Pubdate: Wed, 27 Jul 2005
Source: Amarillo Globe-News (TX)
Copyright: 2005 Amarillo Globe-News
Bookmark: (Methamphetamine)


Panhandle law enforcement's campaign against methamphetamine manufacture 
has gotten some valuable help.

It has come in the form of two congressional measures designed to halt the 
flood of pseudoephedrine to Mexican meth labs. The ingredient is critical 
to the production of meth.

One measure requires the U.S. State Department to analyze imports of 
pseudoephedrine by Mexico to determine its legitimate demand. The other 
measure would require American officials to work with Mexican officials to 
reduce the illicit smuggling of pseudophedrine.

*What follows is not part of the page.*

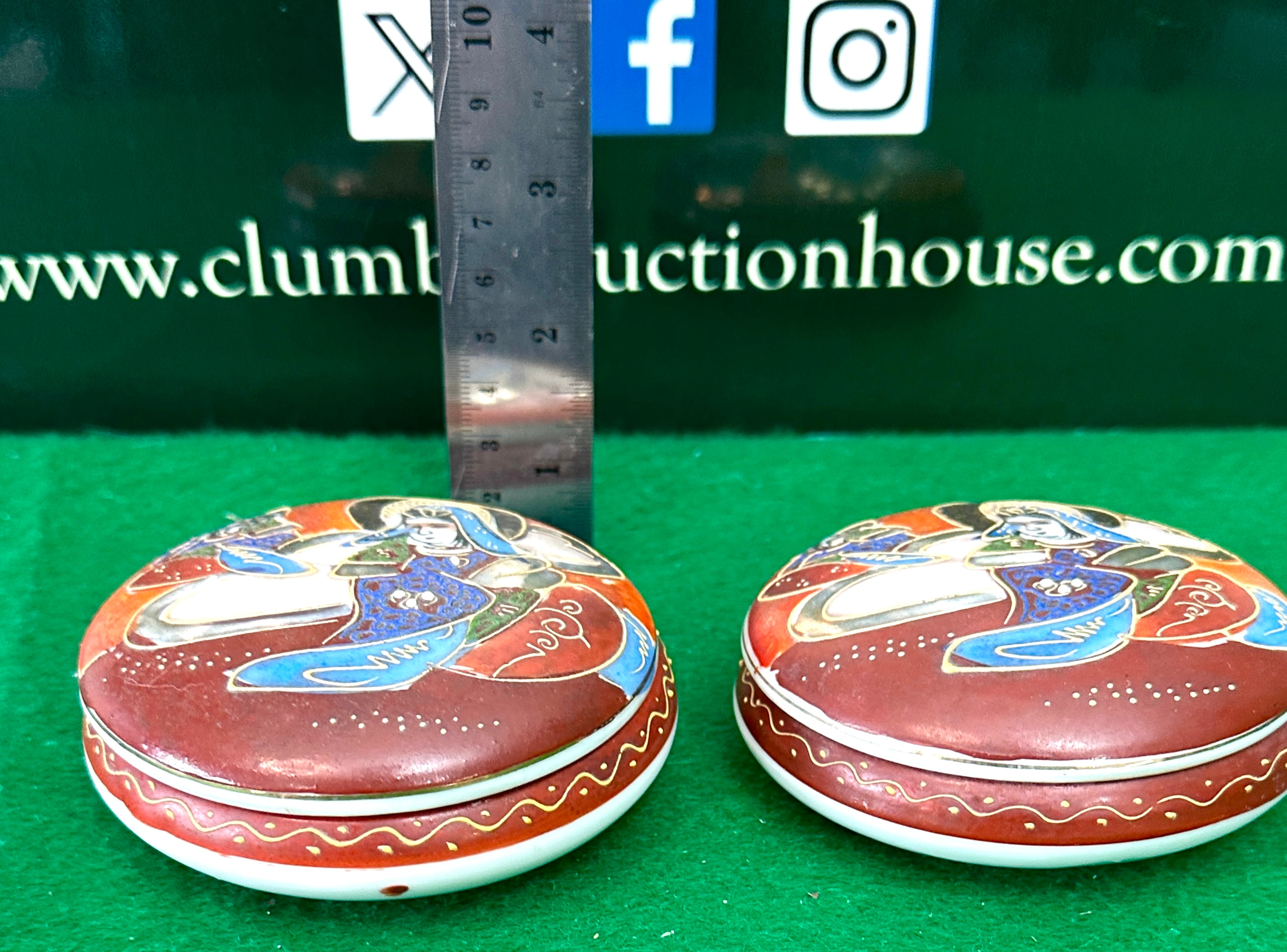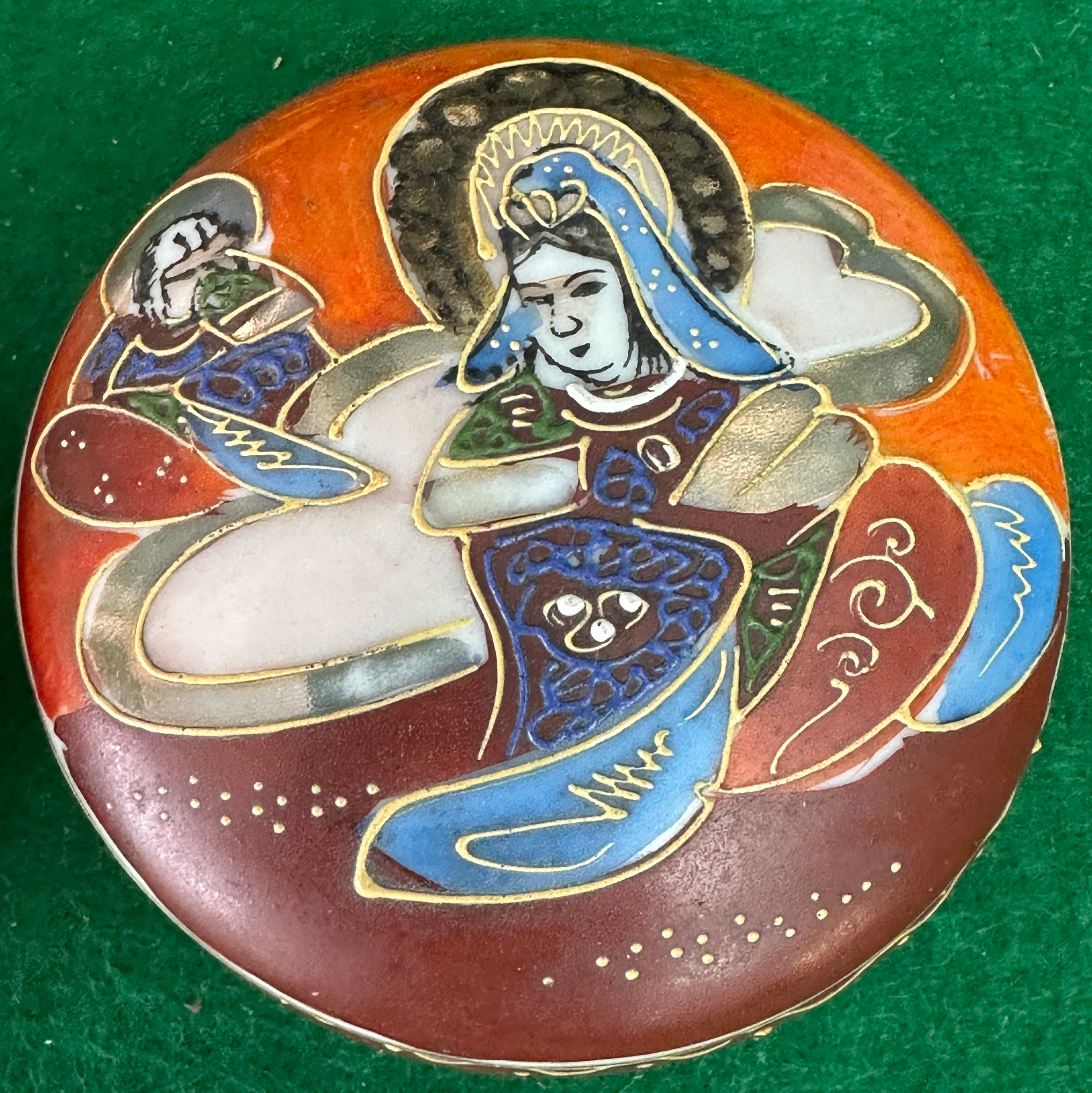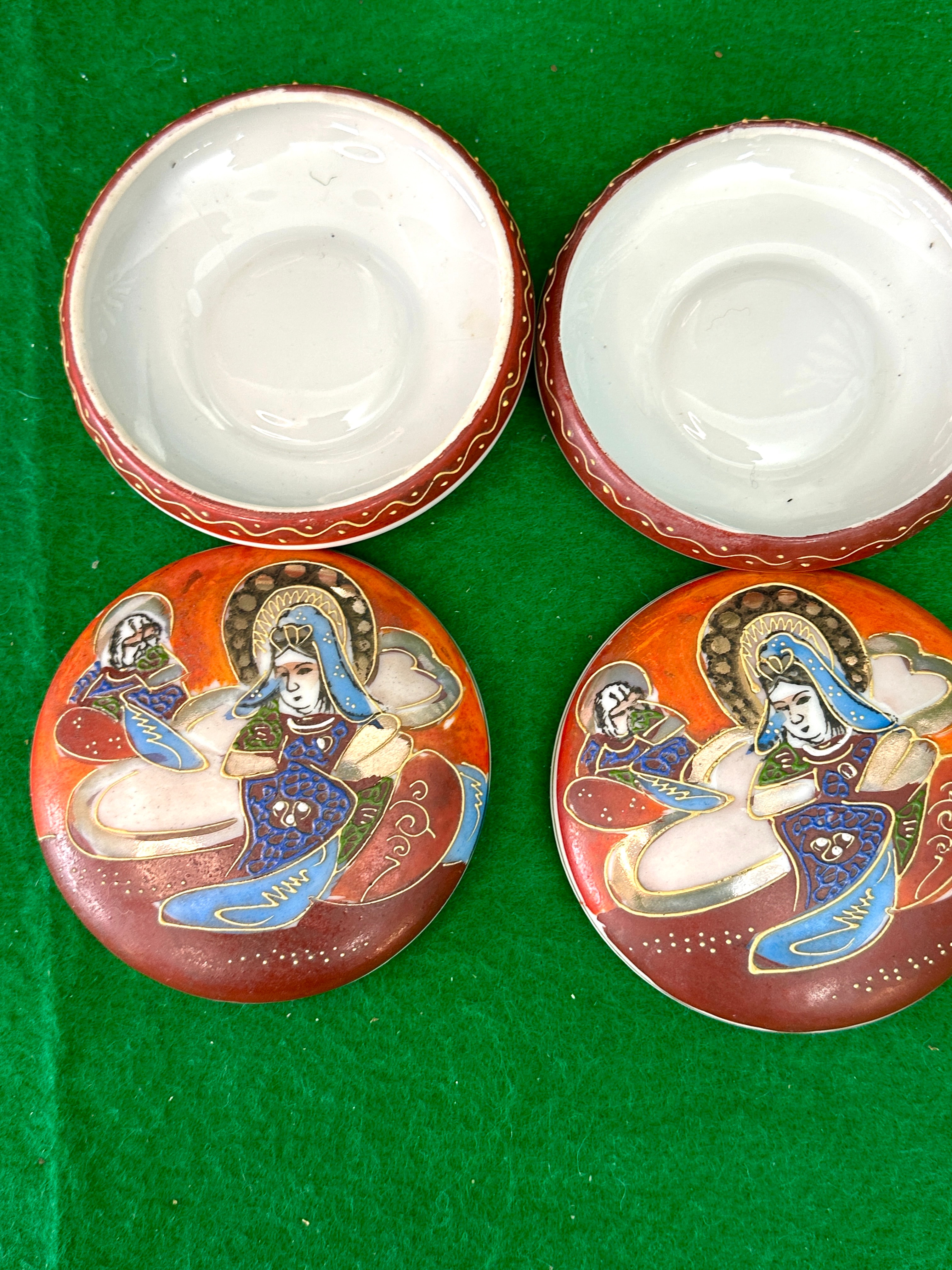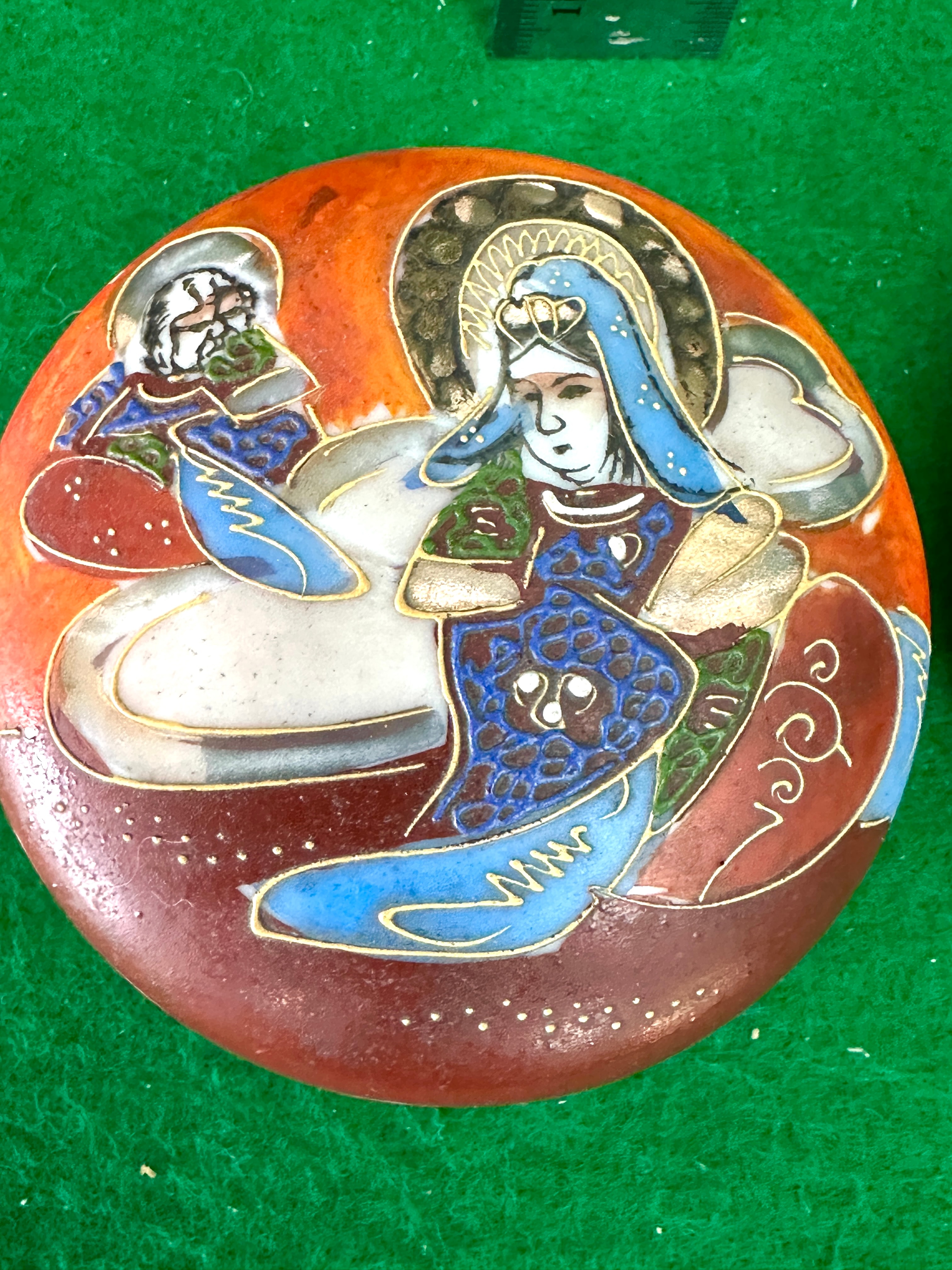 A pair of antique Japanese Satsuma Moriage hand-painted porcelain trinket boxes. Each small, circular, lidded box features detailed enamel decoration. The lids depict a central deity-like figure, possibly Kannon or Guanyin, with a halo and elaborate robes, attended by a smaller figure, all resting on clouds against an orange and reddish-brown ground, outlined with gilt accents. The rims of both the lids and bases are decorated with a delicate gold wave or scroll pattern, while the interiors are white. The underside of one base bears a red mark which translates from Japanese as ‘Satsuma’ (薩摩).

The Panhandle sits only a stone's throw from the Mexican border and has 
become a major corridor for the drugs and the ingredients critical to their 
manufacture. It's no coincidence, for instance, that the Department of 
Public Safety's Amarillo division leads the state in the rate of 
drug-related arrests along the Interstate 40 corridor.

Meantime, Panhandle lawmen are dismantling meth labs almost daily and 
arresting those suspected of engaging in this dangerous activity.

Some states, such as neighboring Oklahoma, have adopted laws regulating the 
sale of pseudophedrine. Those laws provide significant help. The feds, 
though, need to step up as well.

The U.S. House of Representatives has acted with dispatch to give local law 
enforcement the help it needs. It's time for the Senate to follow suit.